Relational databases are great at what they're good at. In fact, there was a popularity contest between relational databases, graph databases, and a couple other contenders in the eighties. Relational won the contest hands down.
But there are limiting factors to relational databases. One of the limiting factors with relational databases is that they are rigid and difficult to chunk for distributed computing systems. Another is that relational databases are sometimes ill equipped to represent the actual associations between pieces of information.
The resurgence of the graph database is an effort to overcome these limitations. The relational database is based on a somewhat hierarchical system of tables, columns, and rows. Graph databases are based on graph theory. Graph databases employ nodes, properties, and edges.
Nodes are very similar in nature to the objects that object-oriented programmers will be familiar with. Nodes represent entities such as people, businesses, accounts, or any other item you might want to keep track of.
Properties are pertinent information that relate to nodes. For instance, if "SearchSOA" were one of our nodes, we might have it tied to properties such as "website", "SOA related", or "word that starts with the letter 'S'", depending on which aspects of "SearchSOA" are pertinent to our particular database.

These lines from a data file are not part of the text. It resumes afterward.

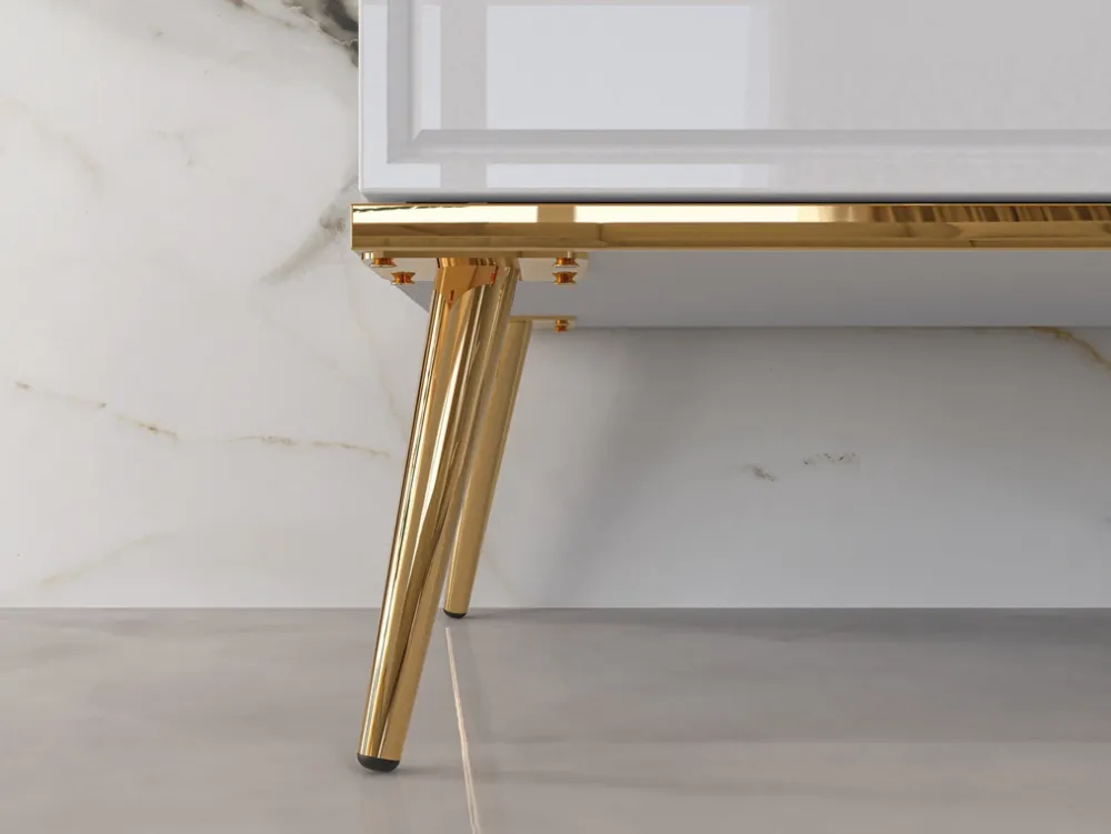 Dodatkowym atutem są metalowe uchwyty i nogi w kolorze złotym, które dodają całości luksusowego sznytu. Złote akcenty harmonijnie komponują się z białym wykończeniem, tworząc wyjątkowy, nowoczesny mebel, który z pewnością wzbogaci każde wnętrze.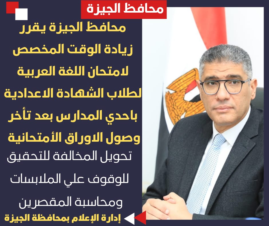 كلف المهندس عادل النجار محافظ الجيزة مدير مديرية التربية والتعليم بتوجيه الإدارة التعليمية المعنية باستيعاض الوقت الضائع من الطلاب انطلاقًا من مبدأ تكافؤ الفرص ولضمان عدم تأثير ذلك على المستقبل التعليمي للطلاب.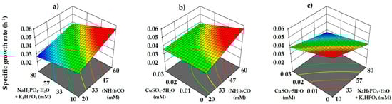 Moreover, the interactions between (NH2)2CO, NaH2PO4·H2O + K2HPO4, and CuSO4·5H2O and specific growth rates (h−1) were revealed by response surface plots (Figure 1). Varying the concentration of these factors causes a significant effect on the specific growth rates. According to the results, the model predicted the highest specific growth rates at approximately 60 mM of (NH2)2CO, 10 mM of NaH2PO4·H2O + K2HPO4 and 0.005 mM of CuSO4·5H2O.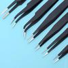 Pinças Pretas ESD Manual Aço Inoxidável Ponta Fina Precisão Eletrônica Resistente ao Desgaste Ponta Redonda Micro Antiestática Grau Industrial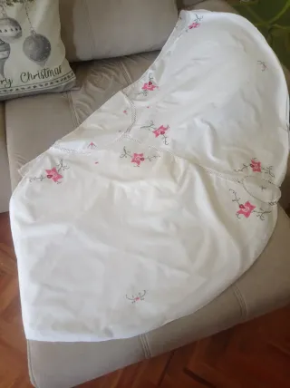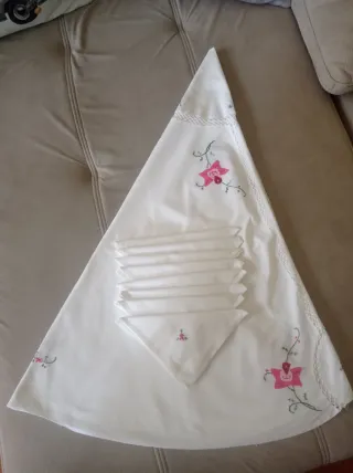 Elegante mantelería con un diseño de flores bordadas en tonos rosa y blanco. Ideal para dar un toque especial a tu mesa. - Diseño redondo - Bordados florales. - Incluye servilletas a juego(8 und) Hecha a mano. Ancho del mantel 1'58 cm.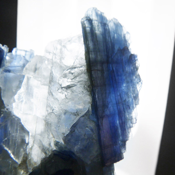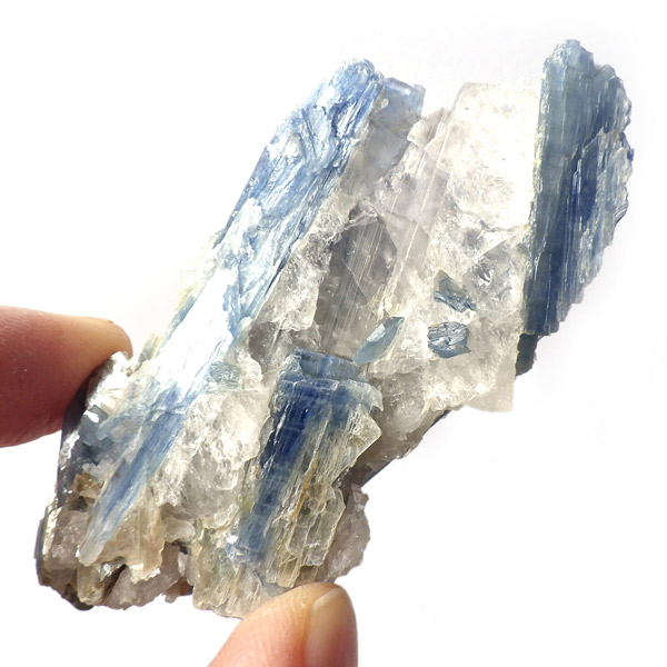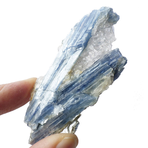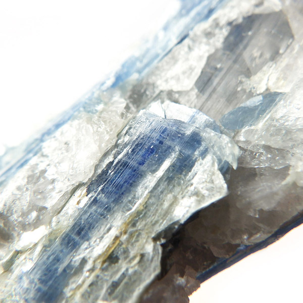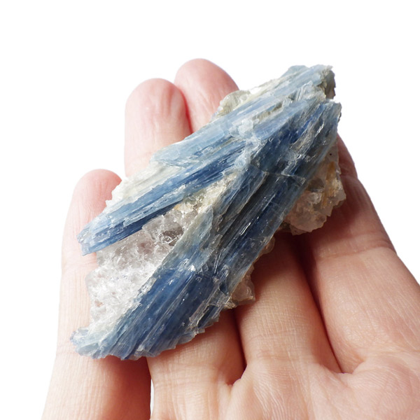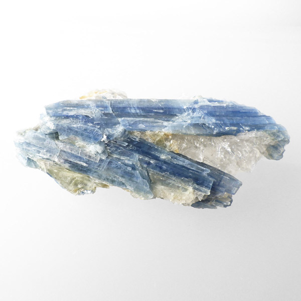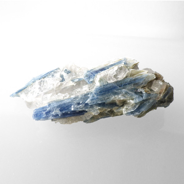 ブラジル産のカイヤナイト原石です。カイヤナイトはブルーがきれいな人気の鉱物です。柱状に伸びる結晶がうっとりする美しさを持っています。角度を変えると光を反射し、キラキラとした輝きが、これまた美しいです。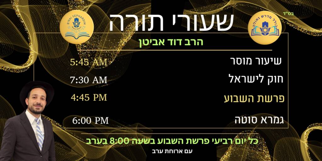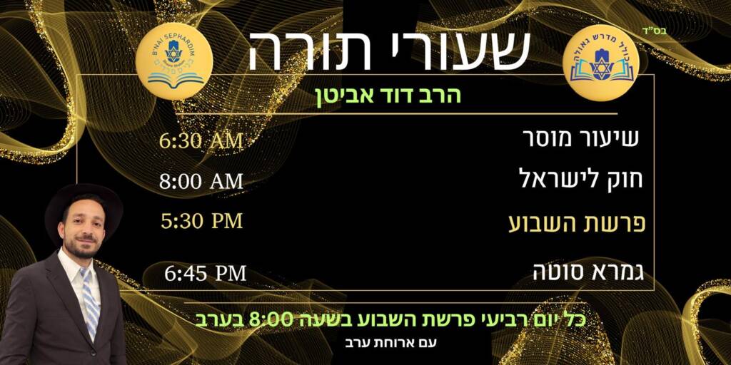 Our shiurim and classes offer meaningful Torah learning for all levels, grounded in Sephardic tradition and practical halacha. Through engaging study and thoughtful discussion, we strive to deepen understanding, strengthen emunah, and inspire growth in everyday Jewish life.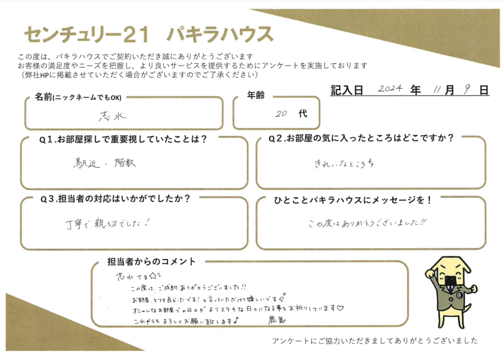 この度はご成約ありがとうございました!!お部屋とても良かったです!と言っていただけて嬉しいです✧*オシャレなお部屋での日々がより素敵な日々になる事をお祈りしています♡これからもよろしくお願い致します♪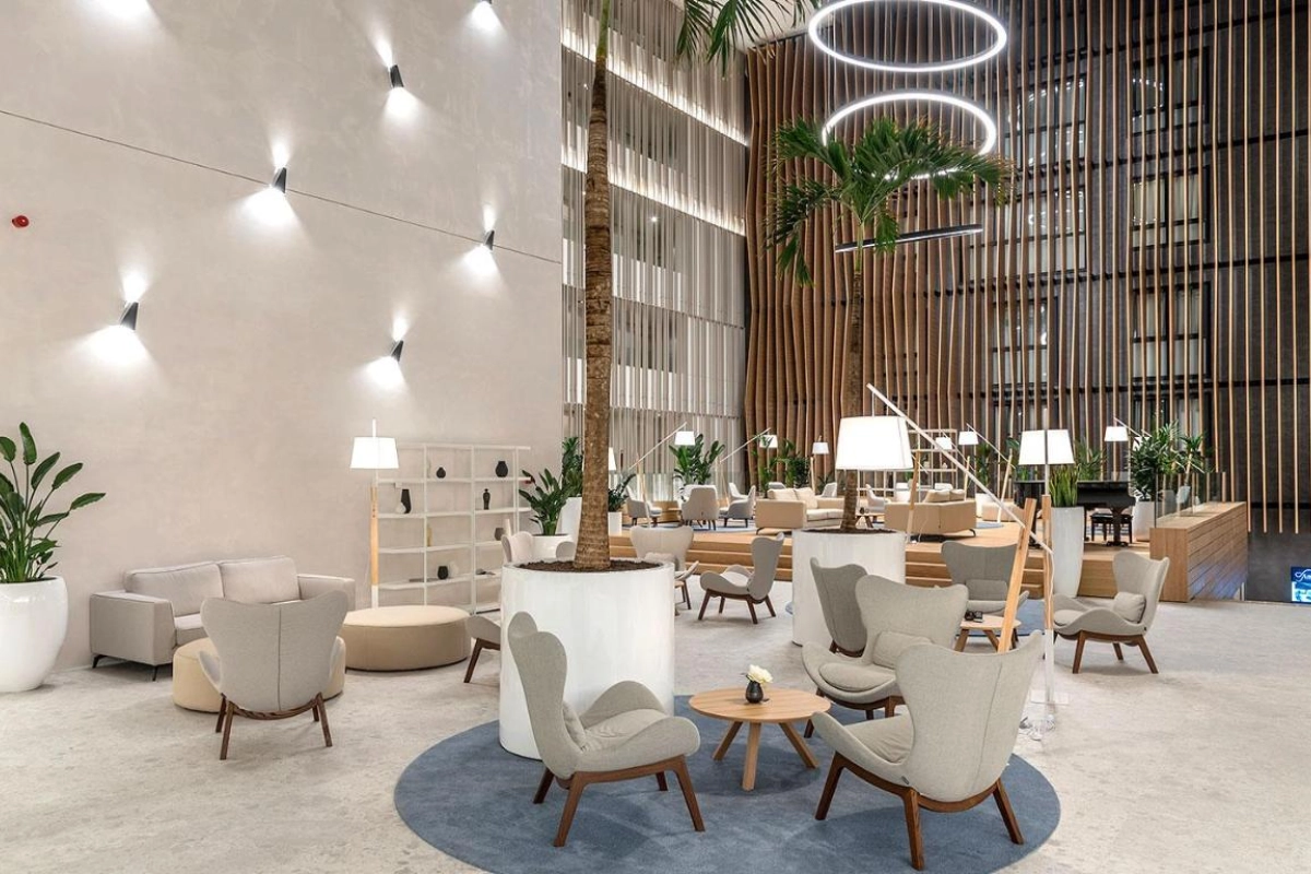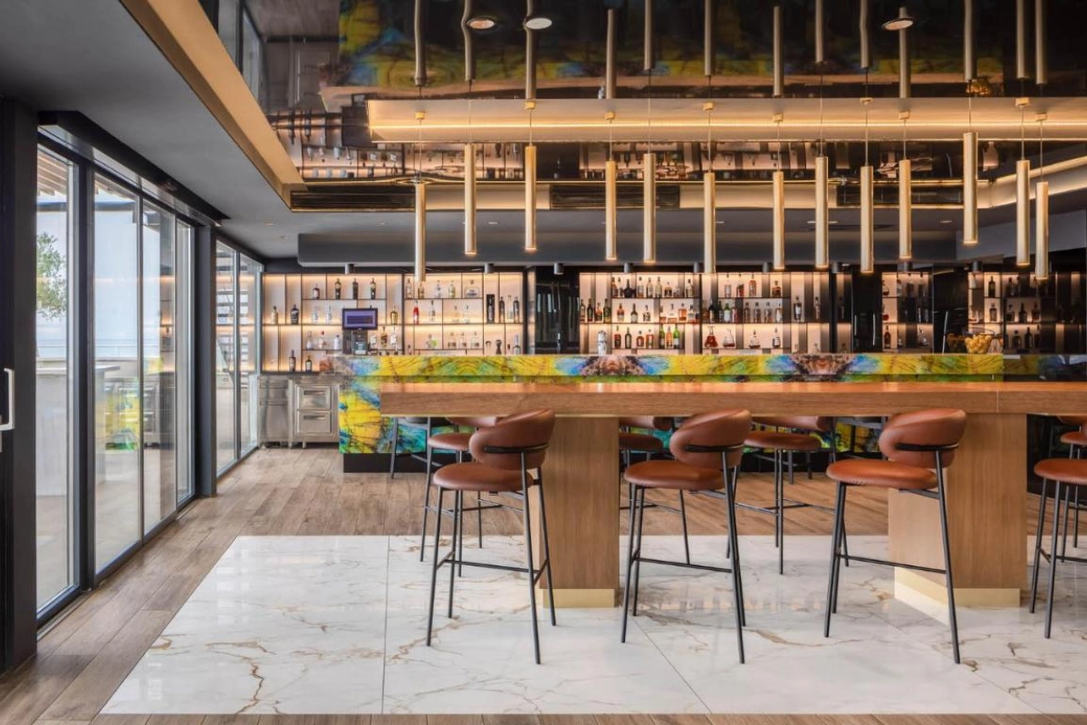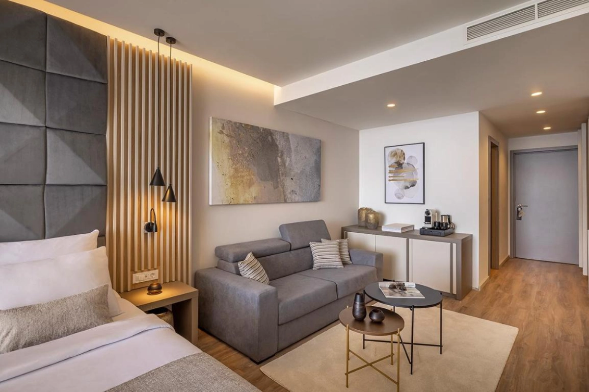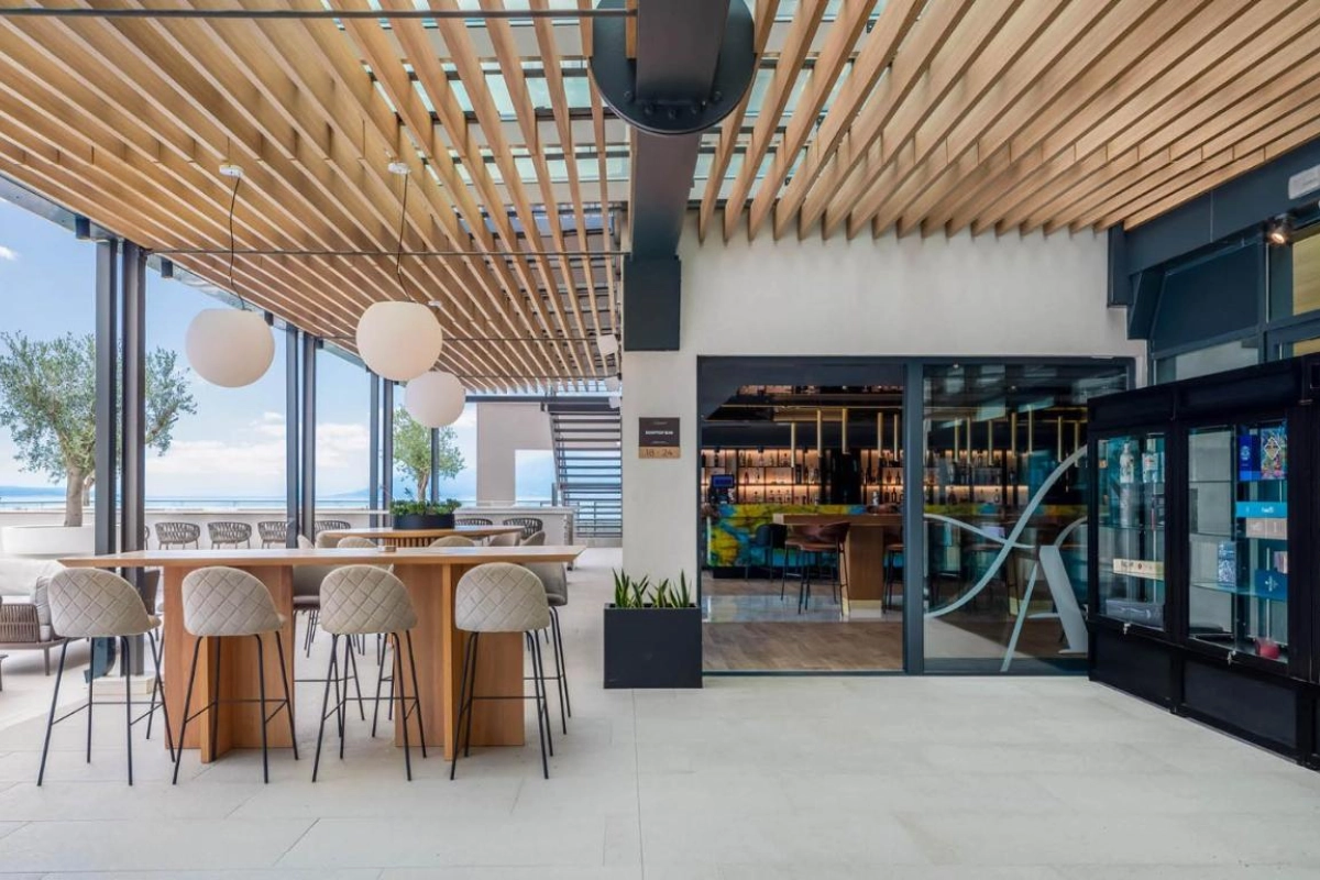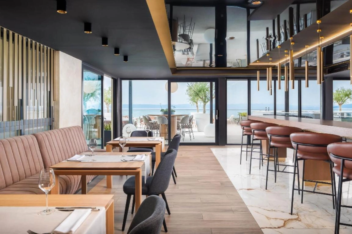 The hotel's restaurant delights with a lavish buffet breakfast showcasing fresh pastries, local cheeses, and Mediterranean specialties, while its dinner menu highlights exquisite regional and international cuisine. The refined bar crafts artisanal cocktails and fine wines, perfect for savouring in a relaxed setting by the sea. Whether enjoying a vibrant evening or a quiet sunset drink, the dining spaces elevate every moment with coastal flair.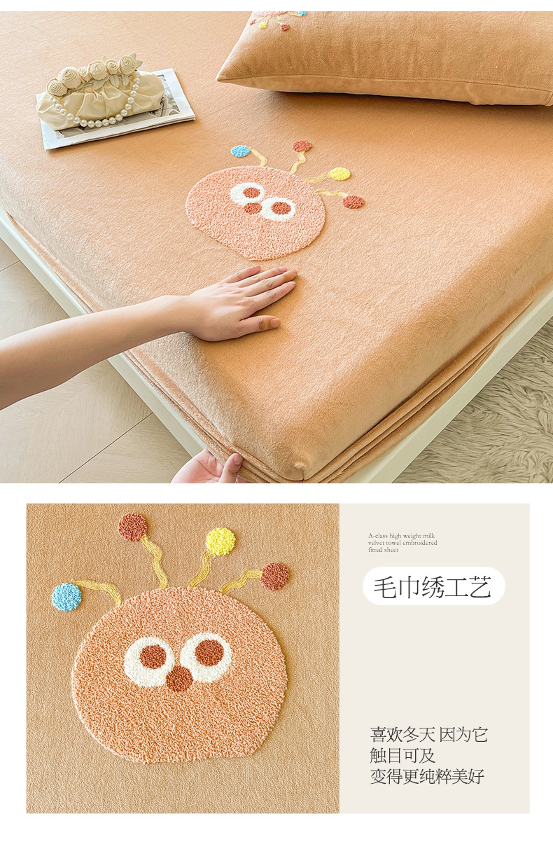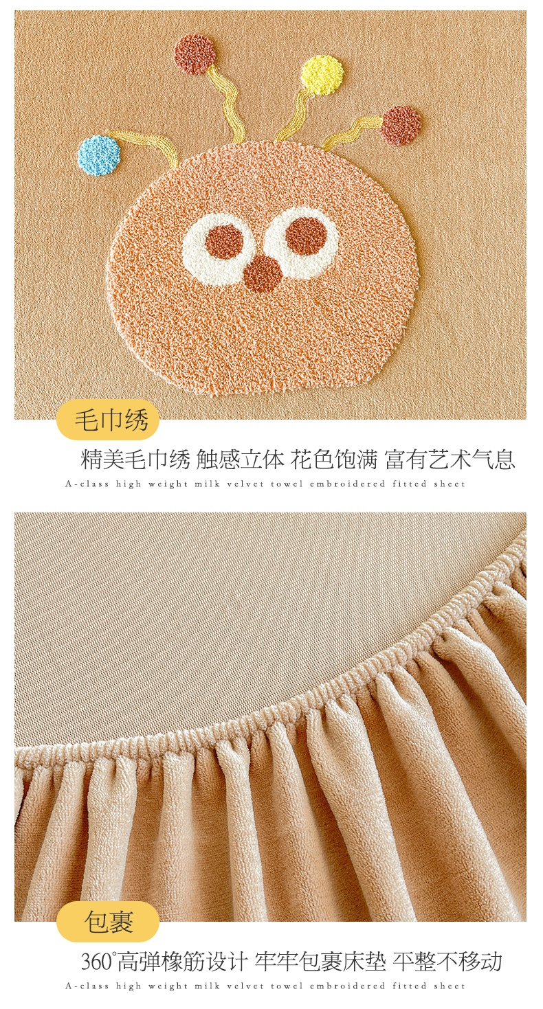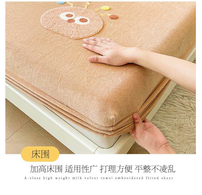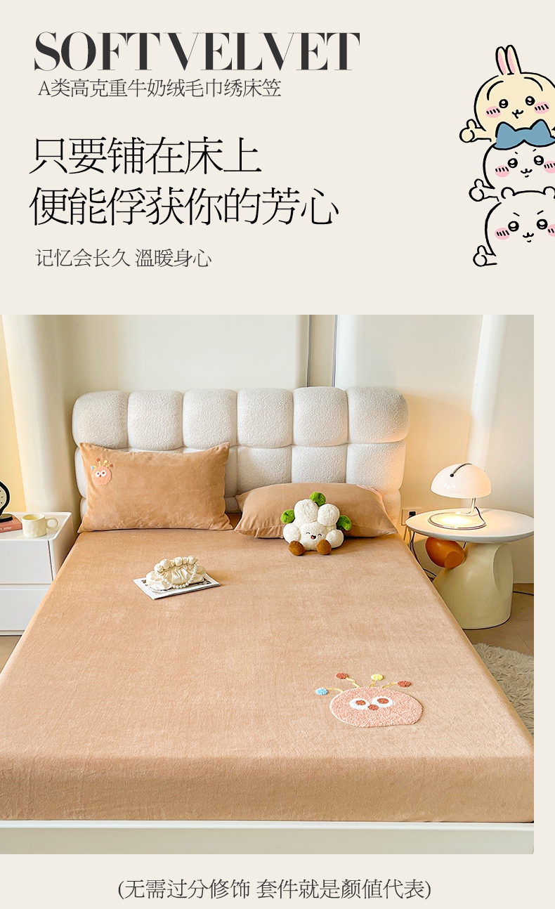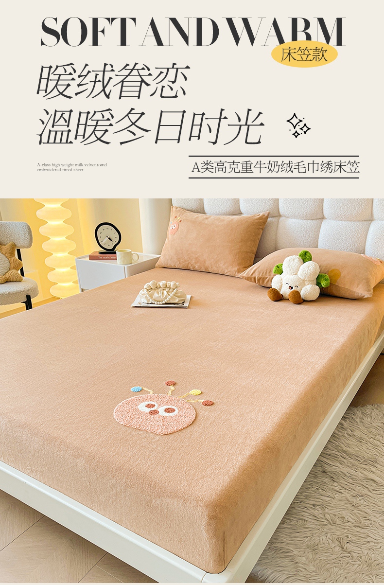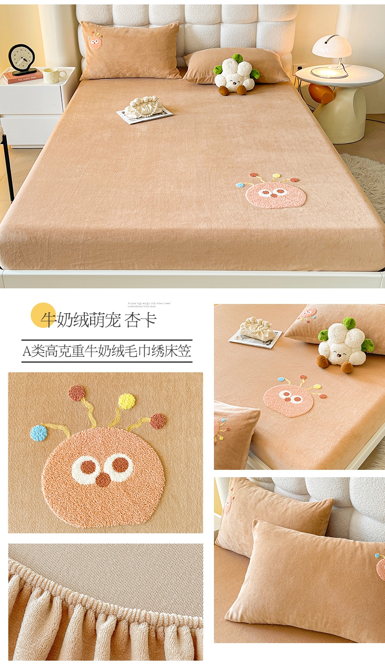 居眠 2024新款单层高克重牛奶绒毛巾绣床笠 牛奶绒萌宠 杏卡

Edges are the lines that connect nodes to nodes or nodes to properties and they represent the relationship between the two. Most of the important information is really stored in the edges. Meaningful patterns emerge when you examine the connections and interconnections of nodes properties and edges.
Graph databases are constantly in flux. New nodes, properties and edges are constantly added and removed as situations change – which is why one of the most prominent uses of graph databases is in social networking. This flexibility also helps out a lot when it comes to distributed computing. The malleable nature of the graph database meshes well with the cloud.